** INFORMATION follows **

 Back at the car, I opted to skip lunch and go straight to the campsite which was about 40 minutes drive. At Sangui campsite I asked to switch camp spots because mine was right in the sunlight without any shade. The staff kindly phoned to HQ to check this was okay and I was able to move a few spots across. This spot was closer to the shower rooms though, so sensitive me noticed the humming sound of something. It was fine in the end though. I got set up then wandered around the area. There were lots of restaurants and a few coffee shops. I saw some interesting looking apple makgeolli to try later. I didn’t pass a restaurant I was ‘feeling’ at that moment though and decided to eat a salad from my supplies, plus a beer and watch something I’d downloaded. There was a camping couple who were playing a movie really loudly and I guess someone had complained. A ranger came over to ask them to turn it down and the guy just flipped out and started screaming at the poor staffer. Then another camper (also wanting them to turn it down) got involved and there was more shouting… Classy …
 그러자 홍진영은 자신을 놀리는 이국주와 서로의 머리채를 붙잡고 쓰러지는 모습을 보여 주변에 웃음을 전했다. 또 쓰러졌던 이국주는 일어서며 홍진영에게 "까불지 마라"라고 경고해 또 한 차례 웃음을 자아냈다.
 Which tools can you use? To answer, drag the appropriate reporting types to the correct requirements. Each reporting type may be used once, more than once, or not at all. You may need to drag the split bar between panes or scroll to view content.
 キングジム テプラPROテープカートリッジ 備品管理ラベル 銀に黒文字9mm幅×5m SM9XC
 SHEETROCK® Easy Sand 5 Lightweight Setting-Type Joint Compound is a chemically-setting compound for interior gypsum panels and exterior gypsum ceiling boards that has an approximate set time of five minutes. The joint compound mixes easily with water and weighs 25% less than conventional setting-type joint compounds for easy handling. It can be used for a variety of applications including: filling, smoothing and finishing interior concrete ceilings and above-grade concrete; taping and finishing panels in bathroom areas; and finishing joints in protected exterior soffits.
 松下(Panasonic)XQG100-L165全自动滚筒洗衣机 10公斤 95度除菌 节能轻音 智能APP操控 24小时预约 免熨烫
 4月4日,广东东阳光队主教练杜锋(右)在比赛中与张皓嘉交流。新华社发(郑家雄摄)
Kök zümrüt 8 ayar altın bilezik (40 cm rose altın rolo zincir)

** End of INFORMATION **
** INFORMATION follows **

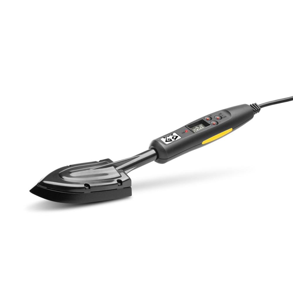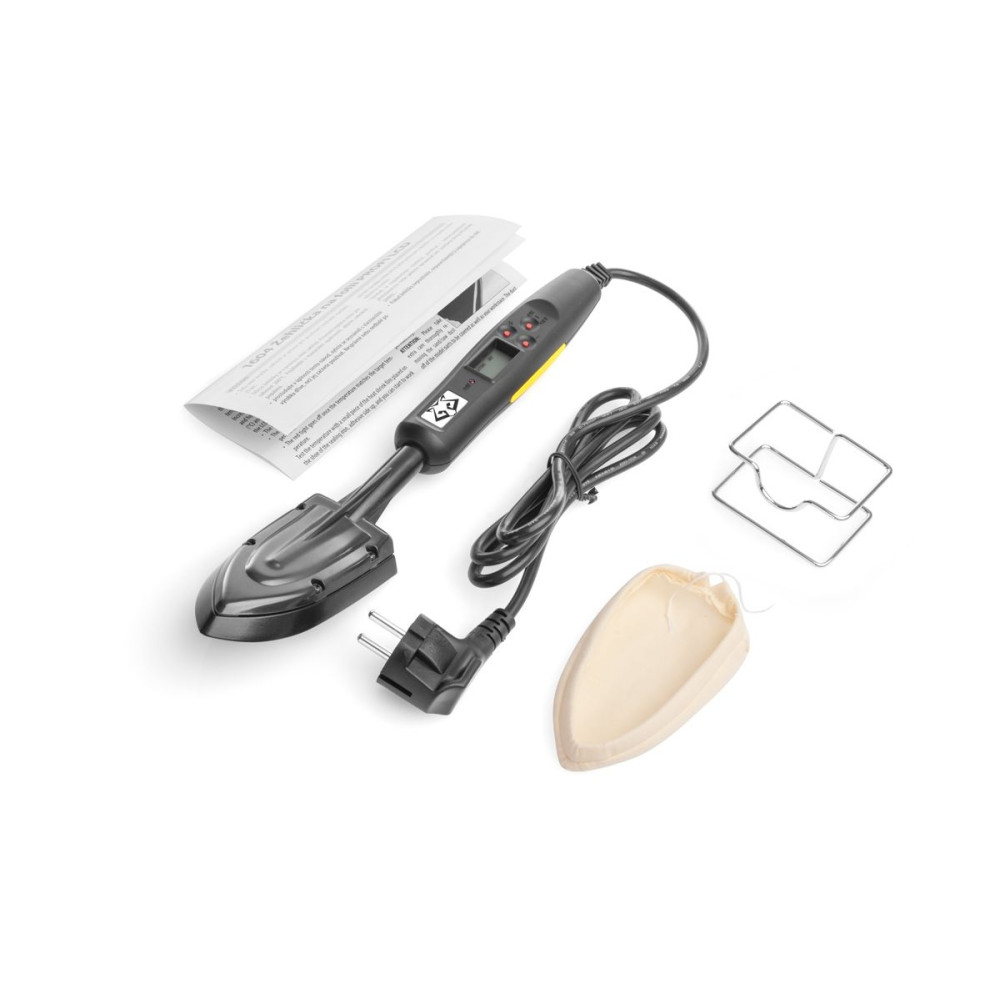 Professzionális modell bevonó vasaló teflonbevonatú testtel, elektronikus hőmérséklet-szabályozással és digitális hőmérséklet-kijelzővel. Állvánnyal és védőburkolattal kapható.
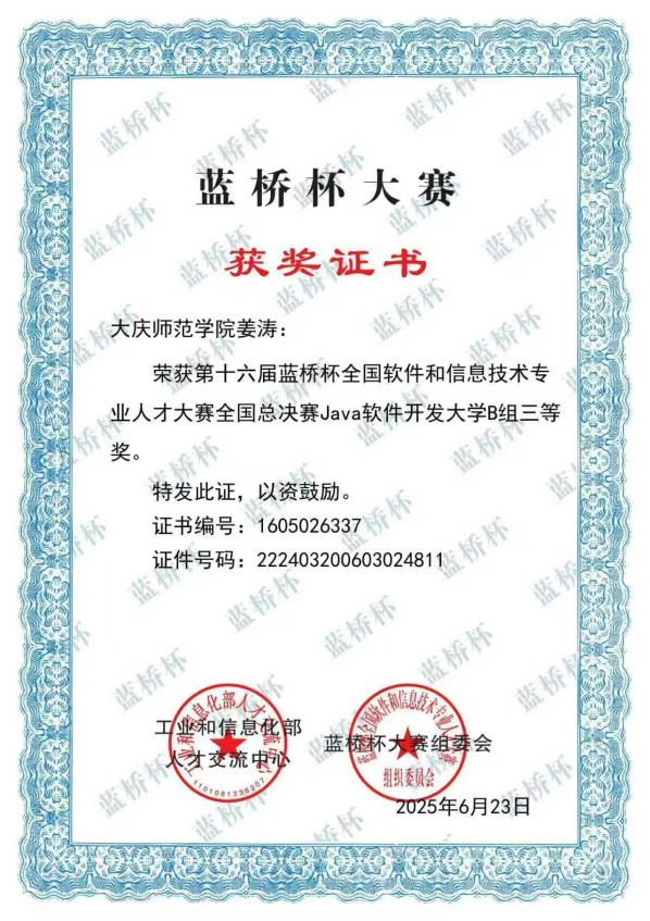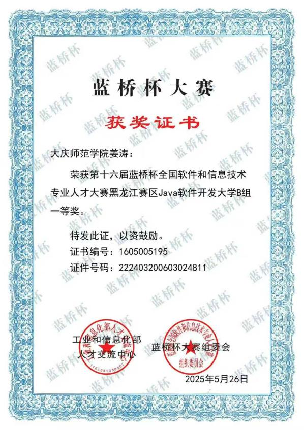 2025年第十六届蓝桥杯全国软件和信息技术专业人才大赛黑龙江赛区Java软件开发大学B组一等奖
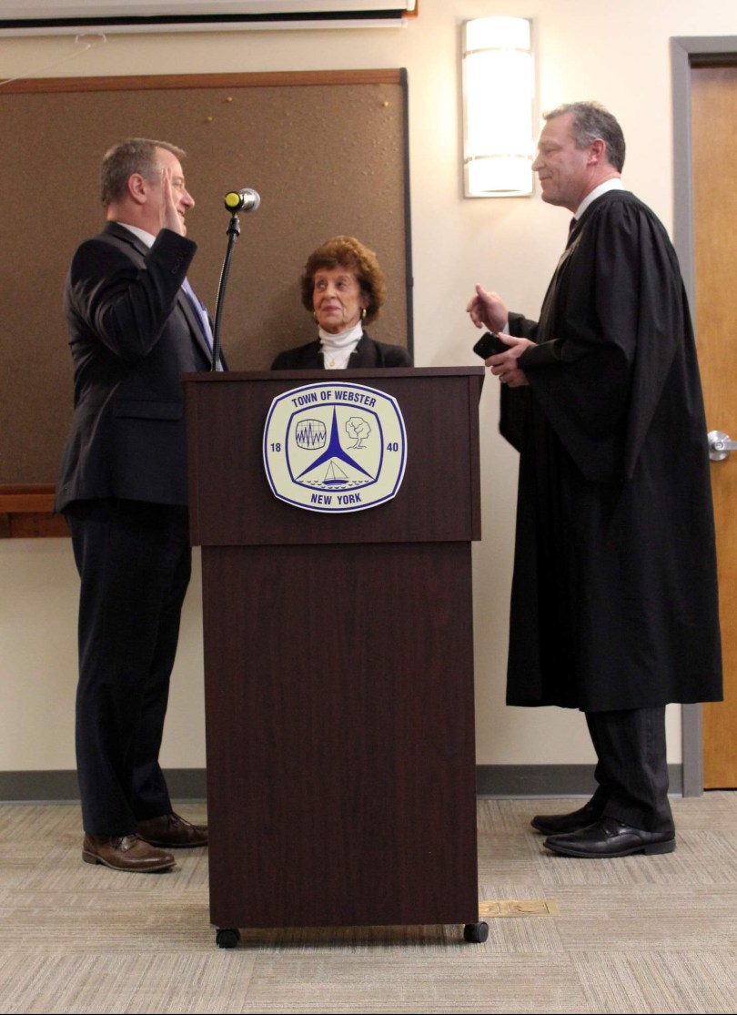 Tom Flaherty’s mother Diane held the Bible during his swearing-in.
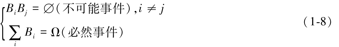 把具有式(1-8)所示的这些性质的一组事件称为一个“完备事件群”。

** End of INFORMATION **
** INFORMATION follows **

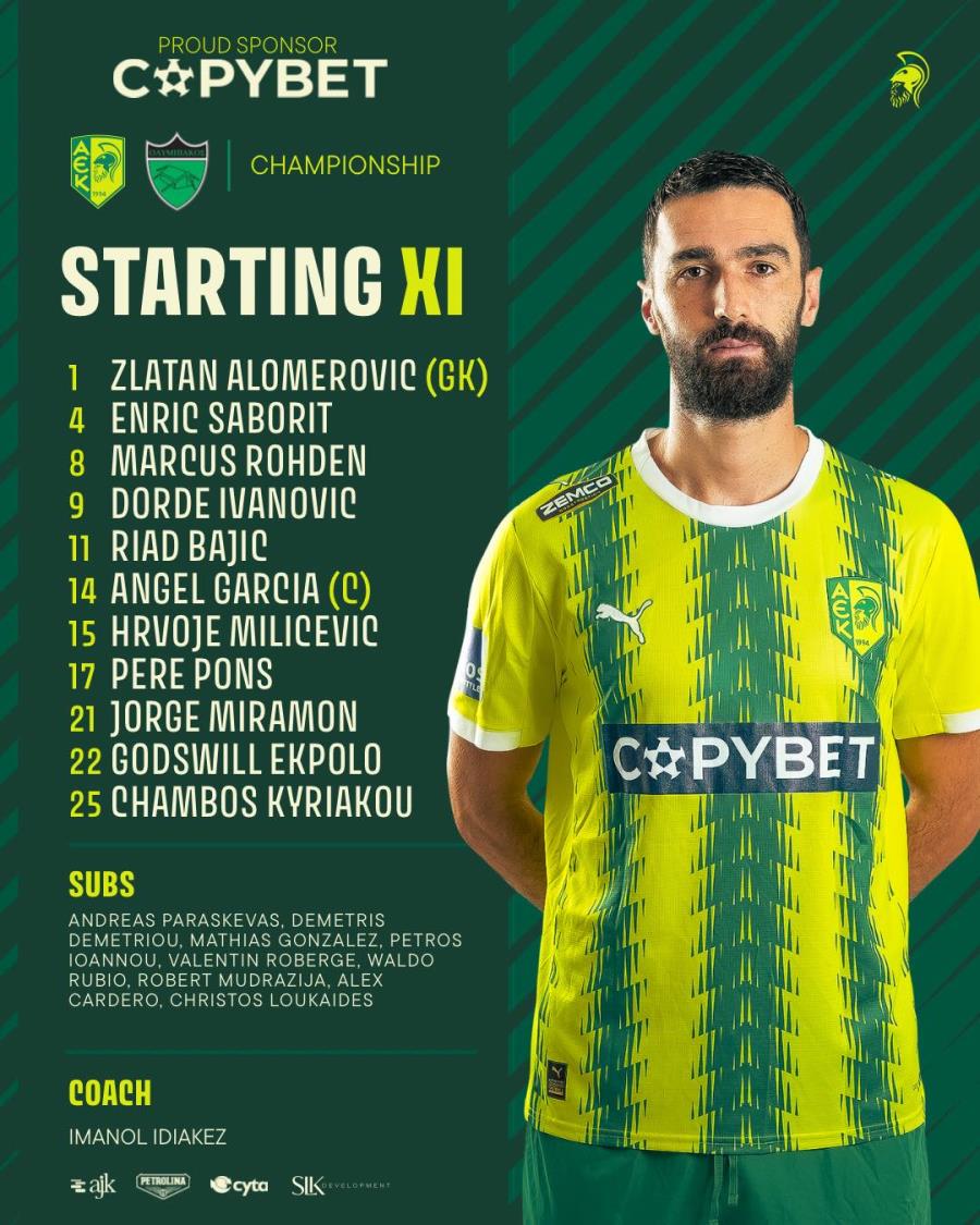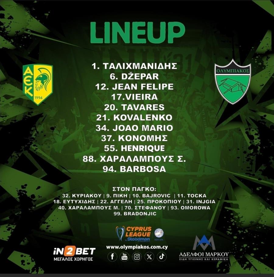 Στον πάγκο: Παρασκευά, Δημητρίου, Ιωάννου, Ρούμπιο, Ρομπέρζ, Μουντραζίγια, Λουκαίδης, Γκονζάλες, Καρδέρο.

** End of INFORMATION **

WHAT THE TASK ASKS >> Copy out the lines above exactly, beginning at the one that contains "Back at the" and ending at the one that contains "キングジム テプラPROテープカートリッジ 備品管理ラベル".

REPLY >>
 Back at the car, I opted to skip lunch and go straight to the campsite which was about 40 minutes drive. At Sangui campsite I asked to switch camp spots because mine was right in the sunlight without any shade. The staff kindly phoned to HQ to check this was okay and I was able to move a few spots across. This spot was closer to the shower rooms though, so sensitive me noticed the humming sound of something. It was fine in the end though. I got set up then wandered around the area. There were lots of restaurants and a few coffee shops. I saw some interesting looking apple makgeolli to try later. I didn’t pass a restaurant I was ‘feeling’ at that moment though and decided to eat a salad from my supplies, plus a beer and watch something I’d downloaded. There was a camping couple who were playing a movie really loudly and I guess someone had complained. A ranger came over to ask them to turn it down and the guy just flipped out and started screaming at the poor staffer. Then another camper (also wanting them to turn it down) got involved and there was more shouting… Classy …
 그러자 홍진영은 자신을 놀리는 이국주와 서로의 머리채를 붙잡고 쓰러지는 모습을 보여 주변에 웃음을 전했다. 또 쓰러졌던 이국주는 일어서며 홍진영에게 "까불지 마라"라고 경고해 또 한 차례 웃음을 자아냈다.
 Which tools can you use? To answer, drag the appropriate reporting types to the correct requirements. Each reporting type may be used once, more than once, or not at all. You may need to drag the split bar between panes or scroll to view content.
 キングジム テプラPROテープカートリッジ 備品管理ラベル 銀に黒文字9mm幅×5m SM9XC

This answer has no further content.